■ ABOUT THIS TASK: Begin at the line below that has "Jill Hoffmann inspects". Stop after the line that has "一般市售阻燃劑 燃燒后的殘余", repeating each line exactly and leaving out the pictures.

■ INFORMATION SHOWN:
....................

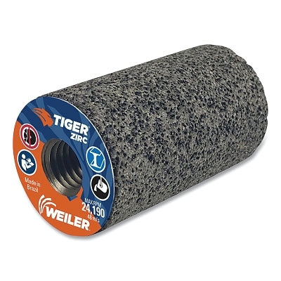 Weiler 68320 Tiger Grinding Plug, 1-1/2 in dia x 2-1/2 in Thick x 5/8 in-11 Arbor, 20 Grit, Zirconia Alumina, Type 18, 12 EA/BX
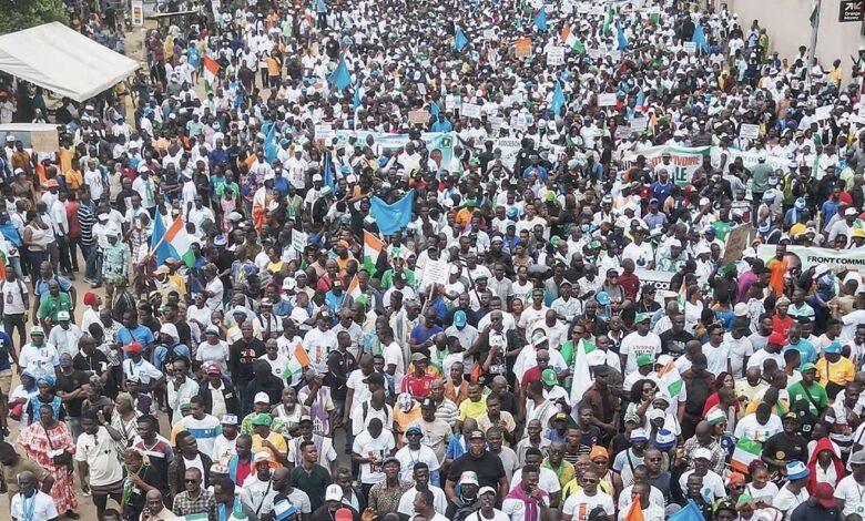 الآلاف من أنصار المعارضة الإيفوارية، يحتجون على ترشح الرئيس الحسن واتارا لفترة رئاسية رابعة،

....................

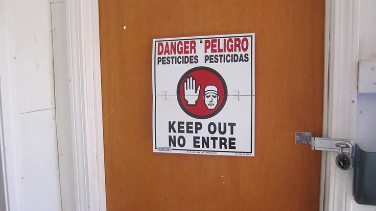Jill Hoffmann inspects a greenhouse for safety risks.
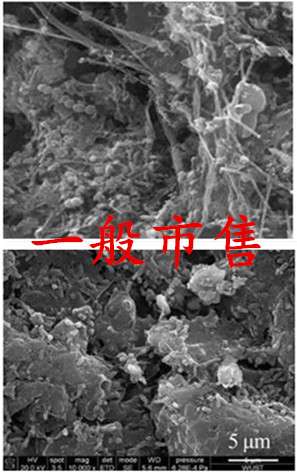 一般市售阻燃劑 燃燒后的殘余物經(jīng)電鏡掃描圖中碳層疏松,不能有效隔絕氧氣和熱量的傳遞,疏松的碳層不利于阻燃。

....................

■ EXERCISE OUTPUT:
Jill Hoffmann inspects a greenhouse for safety risks.
 一般市售阻燃劑 燃燒后的殘余物經(jīng)電鏡掃描圖中碳層疏松,不能有效隔絕氧氣和熱量的傳遞,疏松的碳層不利于阻燃。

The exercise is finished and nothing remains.